Repartition of the sums of squares in residue classes

We see that the primes are analogous to the sums of two squares: indeed, the primes are the numbers which have no  factor, and the sums of two squares are the numbers which have no factor congruent to 3 mod 4 (plus other ones of course, the products of such numbers by 9, 49, 121 etc. of which we saw that it simply multiplied the size of the set by a constant). The same heuristic provides a density which then turns out to be correct. So why not, as Dirichlet did for the primes, ask for the repartition of the sums of squares in residue classes?

A sum of two squares $n=a^2+b^2$ can only be congruent to 0,1 or 2 mod 4, because squares are 0 or 1 mod 4. Let’s show that these values are not equiprobable in fact. First notice that $n$ can be written as $n=2^kn'$ where $n'\equiv 1 [4]$ is also a sum of two squares. So given the number $k_1$ of $n\equiv 1[4]$ until $N$ which are sums of two squares, we get $k_2=1/2 k_1$ and $k_0=(1/4+1/8+\cdots)k_1=1/2 k_1$. At least, the probabilities of being even or odd are the same. Another instance is that the sums of two squares are twice as dense in $n\equiv 1[4]$ than in $n\equiv 1[2]$. Also notice that everybody in $n\equiv 3[9]$ has $v_3(n)=1$ so nobody there can be a sum of two squares. The final word is by Prachar. Putting $B= \frac{1}{\sqrt{2}}\prod_{p\equiv 3[4]}(1-p^{-2})^{-1/2}$ the constant appearing above, he found

$\sum_{n\leq x,n\equiv a[q]}1_{S+S}(n)\sim B_q\frac{x}{\sqrt{\log x}}$

with

$B_q=Bq^{-1}\frac{(4,q)}{(2,q)}\prod_{p\equiv 3[4],p\mid q}(1+p^{-1})$

when $a\equiv 1\text{ mod } (4,q)$;  thus the density is the same as the general density in APs, except when the modulus $q$ is divisible by 4 (which causes a multiplication by 2 of the density) and/or it has factors congruent to 3 mod 4.

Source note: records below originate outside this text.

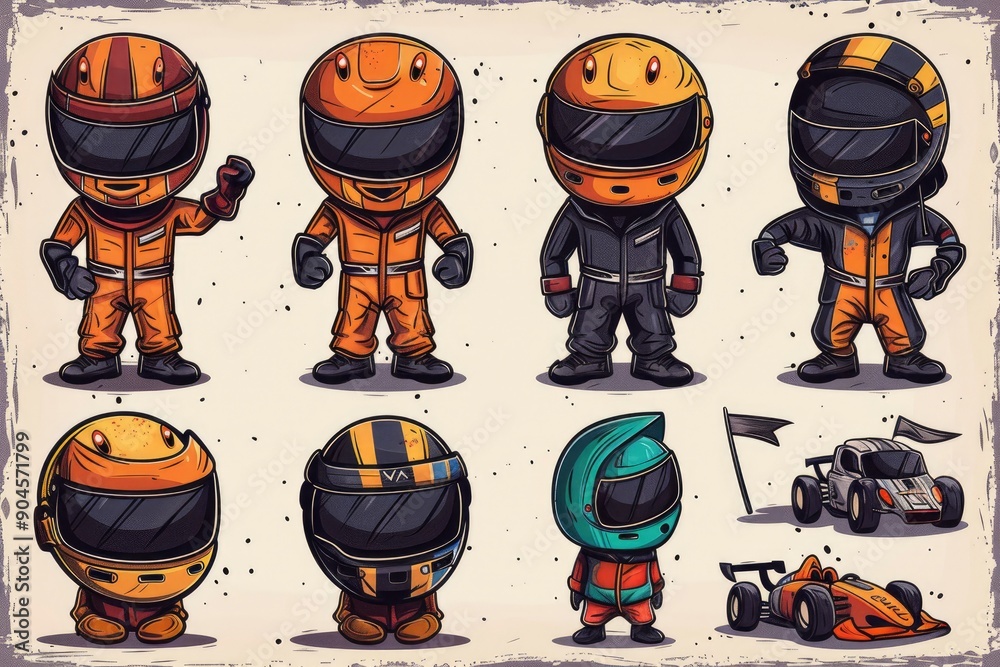 Cartoon Racing Drivers and Cars Illustration Set #904571799
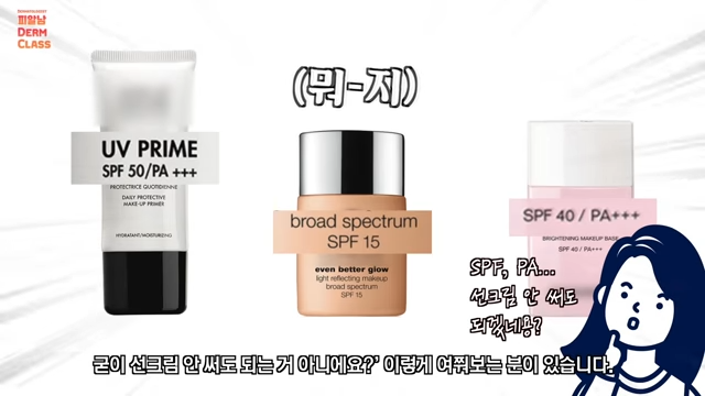 선크림과 관련하여 항상 얘기하는 것 중 하나가 메이크업 제품이나 다른 제품안에 자외선 차단 성분이 들어 있는 걸 발랐으니 굳이 썬크림 안 써도 되는 거 아닌가라고 생각할 수 있는데요.
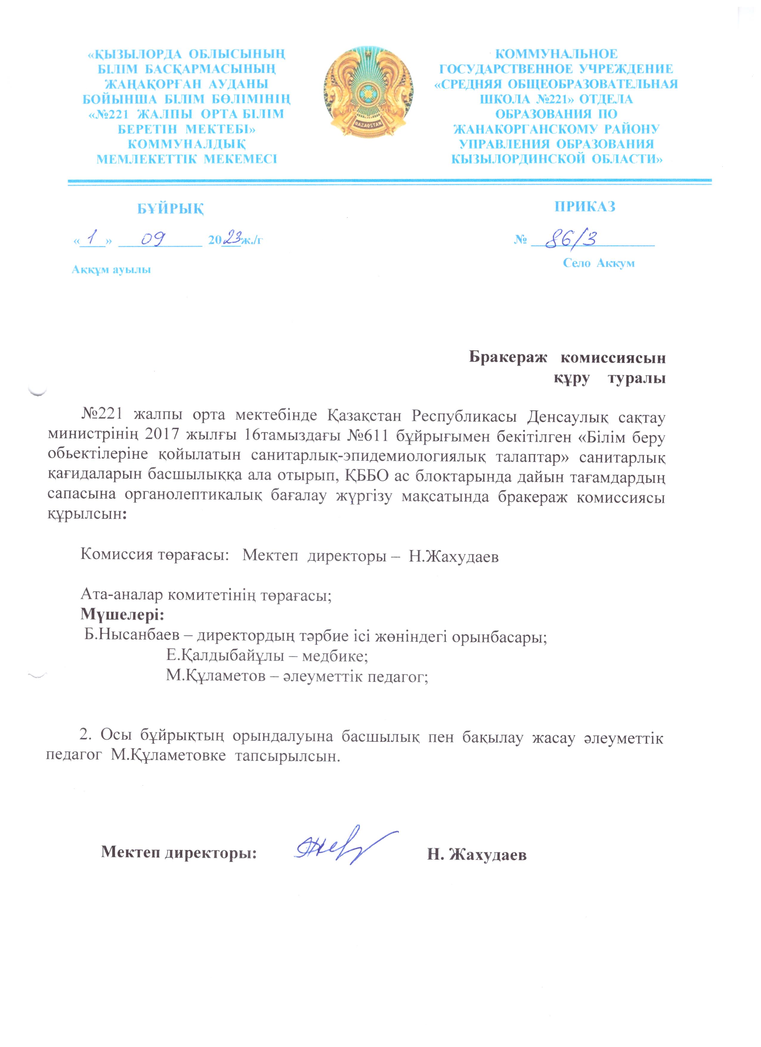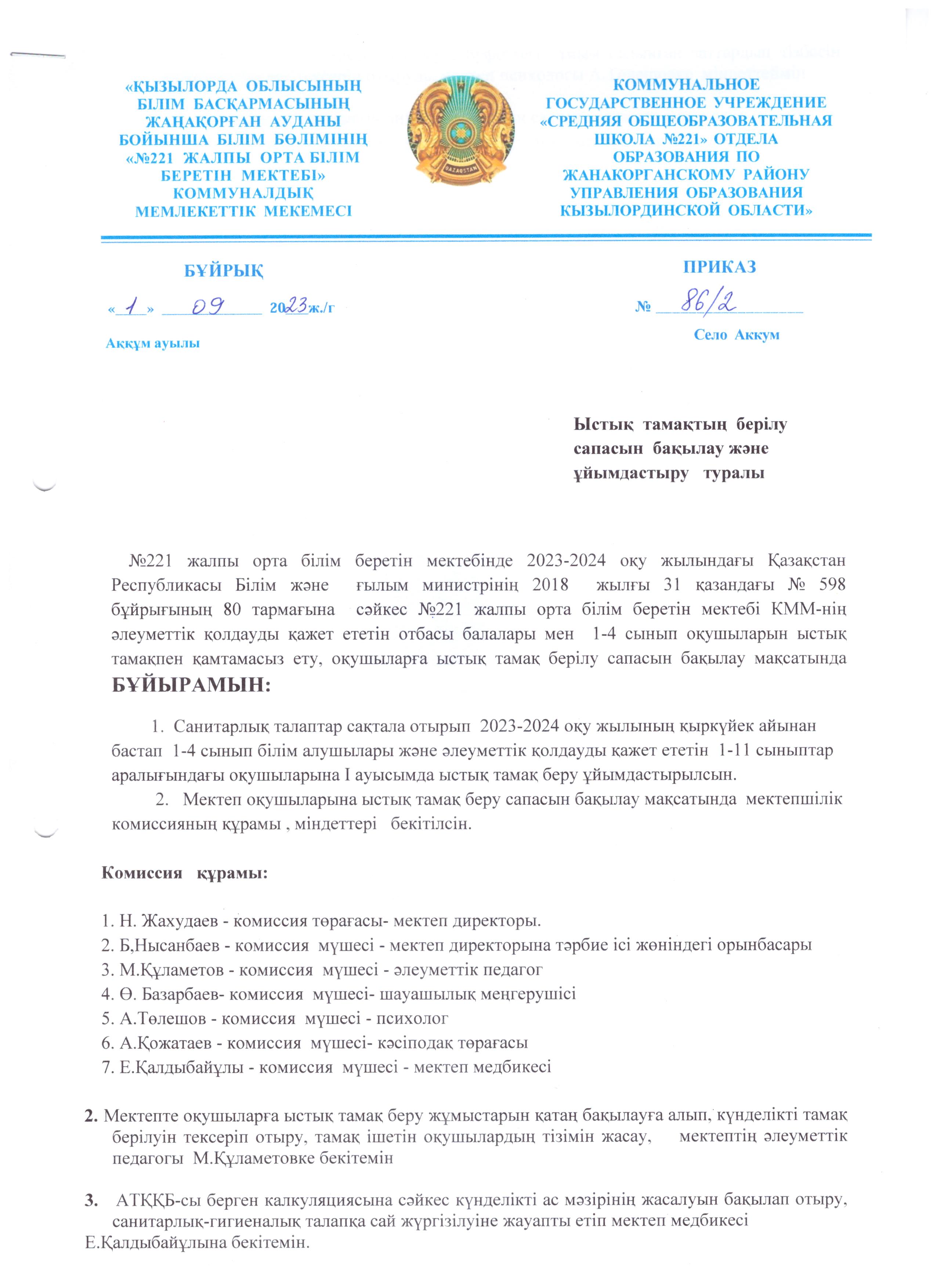 Мектепте тамақтандыруды бақылау комиссиясын құру туралы » №221 орта мектебі

Recall that by Cauchy-Schwarz, $\lvert S+S\rvert \geq \frac{\lvert S\rvert^2}{Q_4(S)}$ where $Q_4$ is the number of additive quadruples, i.e. of quadruples of square $a,b,c,d \in S$ with $a+b=c+d$, which is also the number of quadruples $a,b,c,d\in [\sqrt{N}]^4$ with $a^2+b^2=c^2+d^2$. Thus, we have at least $Q_4(S)\geq N/\sqrt{\log N}$ additive quadruples.

We can try to do better. Indeed, rewrite the equation as

$(a-c)(a+c)=(d-b)(d+b),\quad -N\leq a,b,c,d\geq N$

(we replaced $\sqrt{N}$ by N here). It amounts to

$uv=wz,\quad -2N\leq u,v,w,z\geq 2N,\quad u+v,w+z \text{ even}$

We’ll count the positive solutions here, the other solutions are easily obtained from them. We partition such quadruples depending on the gcd $d=(u,w)$. So $u=du_1,w=dw_1,(u_1,w_1)=1$. Then $v=w_1e,z=u_1e$ for some $1\leq e\leq \min (2N/w_1,2N/u_1)$. So the number of add quadruples should be

$\sum_d\sum'_{u_1,w_1}(N/u_1,N/w_1)$

By Cauchy-Schwarz, the inner sum ought to be

$\sum_{u_1,w_1\leq 2N/d}1_{(u_1,w_1)=1}min(\cdots)\ll \sqrt{6/\pi^2N^2/d^2}\sqrt{\sum \min(N/u_1,N/w_1)}$

Now the second sum is not much bigger than

$\sum_{1\leq u_1\leq w_1\leq N/d}N/u_1=\sum N/u_1(N/d-u_1)\sim N^2/d\log N$

$\ll \sum_d 1/d^{3/2}N^2/\log N\ll N^2\log N$. Returning to the previous definition, we have the inequalities

$N\sqrt{\log N}\ll Q_4(S)\ll N\log N$

Notice that in a random set of this density you would expect less solutions: of the order of magnitude of N. So if $a,b,c,$ are squares, $a+b-c$ has increased probability to be a square.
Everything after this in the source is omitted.